Korea’s National Assembly Speaker Chung Ui-hwa is expected to meet with Prime Minister Shinzo Abe on a visit to Japan next month amid a recent increase in exchanges between high-level politicians from the two nations.

Chung, a five-term lawmaker, is scheduled to visit Japan for three days starting Oct. 26. According to diplomatic sources from both countries, he is expected to meet with Japan’s ruling and opposition party leaders, including Bunmei Ibuki, the speaker of the House of Representatives, and Masaaki Yamazaki, the president of the upper house of the National Diet.

Chung’s trip makes him the highest-ranking official from the current administration so far to visit Tokyo since the inception of the Park Geun-hye government.

Several international leadership summits are scheduled this fall, with considerable interest in what sort of message is conveyed between Korea and Japan’s leadership and if it could pave the way for a bilateral summit.

Last Friday, former Japanese Prime Minister Yoshiro Mori delivered a handwritten letter from Abe in a rare meeting with President Park Geun-hye at the Blue House.

In the letter, Abe proposed meeting with Park, saying that he looked forward to meeting her at international conferences in the coming months.

“Since Prime Minister Mori’s visited Korea on Sept. 19 and delivered a handwritten letter from Prime Minister Abe to President Park, there is a likelihood that speaker Chung will bring a handwritten reply from Park to Abe.”
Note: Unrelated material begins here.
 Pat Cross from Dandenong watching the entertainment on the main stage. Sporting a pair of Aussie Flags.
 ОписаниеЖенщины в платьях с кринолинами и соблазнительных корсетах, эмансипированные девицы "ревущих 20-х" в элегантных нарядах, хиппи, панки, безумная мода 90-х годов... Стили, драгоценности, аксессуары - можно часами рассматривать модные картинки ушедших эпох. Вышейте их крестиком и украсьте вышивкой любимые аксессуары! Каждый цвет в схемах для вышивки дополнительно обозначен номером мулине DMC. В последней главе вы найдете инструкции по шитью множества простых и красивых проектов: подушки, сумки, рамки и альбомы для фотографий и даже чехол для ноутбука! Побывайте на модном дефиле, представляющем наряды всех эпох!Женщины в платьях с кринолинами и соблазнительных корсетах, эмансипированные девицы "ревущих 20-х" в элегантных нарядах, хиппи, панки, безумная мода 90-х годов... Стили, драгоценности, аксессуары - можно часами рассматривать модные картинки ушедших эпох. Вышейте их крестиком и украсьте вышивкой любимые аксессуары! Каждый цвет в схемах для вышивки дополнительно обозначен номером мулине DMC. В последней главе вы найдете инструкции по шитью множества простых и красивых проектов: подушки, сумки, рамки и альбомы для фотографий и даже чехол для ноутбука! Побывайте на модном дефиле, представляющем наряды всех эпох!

Chung was invited to Tokyo by Ibuki, who became speaker of the Japanese lower house in December 2012.

He initially sent an invitation to Chung at the end of last month, requesting a meeting with leaders from Korea and Japan’s legislatures to “make a breakthrough in the improvement of Korea-Japan relations.”

Ibuki previously served as education minister during Abe’s first term as prime minister in 2006 and secretary general of the Liberal Democratic Party from 2007 to 2008.
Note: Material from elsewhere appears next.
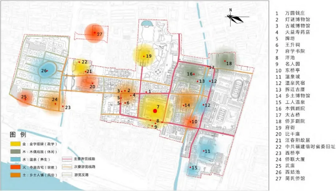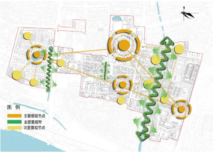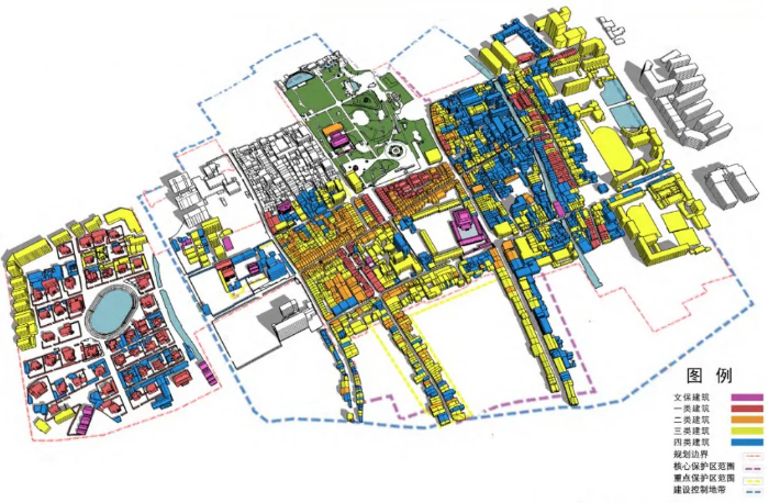 文化傳承視角下的漳州古城保護與更新策略研究 張健 摘要:歷史古城承載著中華民族的血脈和記憶,具有極大的保護價值。如何在保持古城風貌的同時進行合理更新改造,是一項值得深究的重要課題。本文基于文化傳承的視角,以漳州古城為例,分別從建筑風貌、文化底蘊、公共空間、街巷肌理、生活氣息五個方面分析了漳州古城的文化特色及保護現狀,并以突出漳州古城“閩南風、漳州味、宋河韻、老街情、慢生活”的地域文化特征為目標,分別提出打造閩南名片、延續文化脈絡、重現宋河古韻、恢復街巷肌理、保留生活氣息的古城保護與更新策略。 關鍵詞:古城;保護更新;文化傳承;漳州 一、研究背景 近年來,我國一直處于城鎮化飛速發展的階段,城市經濟水平逐漸提高。但同時,快速城鎮化導致城市呈現“粗放式”發展的局面[1],使得城市無秩序地蔓延和擴張,從而導致了一系列復雜的城市問題。長久以來,城市的發展過于追求經濟效益和價值,而忽視了對于空間品質提升的需求,這也就導致了城市內部很多特色區域、歷史地段因違背了經濟利益而被侵蝕、被破壞,甚至逐漸走向衰亡,城市失去了原有的文脈和特色。 歷史文化街區作為一個城市聯結歷史與未來的紐帶,承載著中華民族刻在基因里的傳承和血脈,從某種程度上來說,是一個城市生命的延續。歷史文化街區不應該作為一個 城市發展的犧牲品被湮沒在歷史長河中,而應該作為一個城市對外展示的名片被人們所記住。歷史風貌彌足珍貴、歷史街區不可再生[2],若想要延續歷史文化街區的精神和記憶,必須采取適宜的手段對其進行適度開發與更新,以在發展與保護之間求得平衡[3],實現“在保護中發展,在發展中保護”[4]。歷史文化街區傳承的文化是其最重要的底色,對于歷史文化街區的保護可以考慮活化更新的方式,在保證文化記憶傳承的同時適當注入新鮮血液,在最大限度地保存建筑風貌、保護街巷肌理的同時,重塑場所精神,實現真正的可持續發展。 本文以位于歷史文化名城漳州市最重要的歷史文化街區漳州古城為研究對象,在分析其文化特色及保護現狀的基礎上,從文化傳承的角度探討了漳州古城保護與更新的策略。 二、研究區域概況 漳州古城位于“海濱鄒魯”之一的福建省漳州市中心區,是漳州市最具保護價值的片區。漳州古城始建于唐垂拱二年[5],擁有一千三百余年的悠久歷史,有“唐宋古城、明清街區、民國風貌、閩南韻味、僑臺同輝”之美傳[6]。漳州古城歷經滄桑,始終保留著其獨特、鮮明的人文氣息和民俗風情,文化旅游資源極為豐富。 本文基于文化傳承的視角,探討如何在最大限度保留漳州古城文化風貌的同時活化古城、留住鄉愁,突出漳州古城“閩南風、漳州味、宋河韻、老街情、慢生活”的地域文化特征,提出最適宜漳州古城的保護更新發展策略,實現漳州古城的活力重構和有機更新。 三、漳州古城文化特色及保護現狀 漳州古城建筑風貌完好、文化底蘊深厚、公共空間多樣、街巷肌理獨特、生活氣息濃厚,既保留獨特的歷史人文底蘊,又延續著傳統生活方式,文化特色鮮明,具有極高的保護價值。 (一)建筑風貌完好 漳州古城文物古跡眾多,核心保護區建筑以晚清、民國時期為主(圖1),不乏比干廟、文廟等宋代及明代具有濃厚歷史風味的建筑。同時,古城內部留存著許多名人舊居及知名場所(圖2),這些建筑見證了漳州多年來的歷史變遷和文化發展,是連接歷史與未來的通道,也是傳承文化記憶的媒介。 圖1 漳州古城現狀建筑年代分析 圖2 漳州古城名人舊居和知名場所分布示意圖 對現狀歷史建筑的建筑風貌、建筑質量、歷史意義等因素進行評估,將建筑分為文保建筑、一類建筑、二類建筑、三類建筑、四類建筑五類。其中,文保建筑為極具歷史價值、意義重大的建筑;一類建筑為風貌完好、質量上佳的建筑;二類建筑為風貌尚可、質量稍差的建筑;三類建筑為風貌較差、質量不佳的建筑;四類建筑為風貌極差、質量極差的建筑。可以看到,古城中心區內歷史建筑整體保存較好,外圍區域保存較差,可有針對性地進行建筑風貌恢復、整理工作。 圖3 漳州古城歷史建筑風貌評估 (二)文化底蘊深厚 漳州古城文化底蘊深厚,始建于宋代的府學,在歷史上為國家培養了一批又一批的人才;僑鄉劇場薈萃了閩南風情與漳州特色,更凸顯出獨具魅力的漳州風味;木偶劇場擁有精湛的制作工藝與極具歷史氣息的表演,傳承著“源于晉、興于宋、盛于明”的布袋戲。同時,古城內儒家文化、道教文化、民間先祖信仰文化并存。這些文化是古城居民重要的精神寄托,維系著他們的精神家園。 在規劃中,我們除了要保護有形的建筑、街巷等空間外,更要保護好空間中蘊藏著的無形的文化。將文化作為觸媒點激活漳州老城,吸引更多客流。 (三)公共空間多樣 古城臨近宋河水系,周邊有山體公園、濱江公園以及小游園,開放空間類型較豐富(圖4)。目前只有中山公園的1公里服務范圍全覆蓋了古城規劃地區,基本滿足“500米見綠、1000米達園”的綠地布局要求,和構建“園在城中、城在園中、城園一體、園城共融”的現代田園型都市的目標。 圖4 漳州古城公共空間分布 但是,古城內部的開放空間不足,應在不破壞古城肌理的前提下,采取見縫插綠、立體綠化等方式,營造適當的小型交往空間,滿足古城居民平

Chung’s visit to Japan will have symbolic significance at a time when diplomatic ties between the two nations have remained frigid over historical and territorial disputes.

The last meeting between Korea and Japan’s leadership involved President Lee Myung-bak and Prime Minister Noda Yoshihiko in December 2011 in Kyoto.

A National Assembly speaker officially visited Japan last in 2010, when then-speaker Park Hee-tae met with then-Prime Minister Kan Naoto.

Officials from Korea and Japan are expected to attend a number of international conferences in November, including the Asia-Pacific Economic Cooperation (APEC) conference in Beijing and the G-20 summit in Brisbane, Australia.

Japanese Foreign Minister Fumio Kishida is currently seeking talks with Foreign Minister Yun Byung-se, which are in the final stages of approval, Japanese media reported yesterday. Korean officials said yesterday they are still in the process of negotiating a meeting.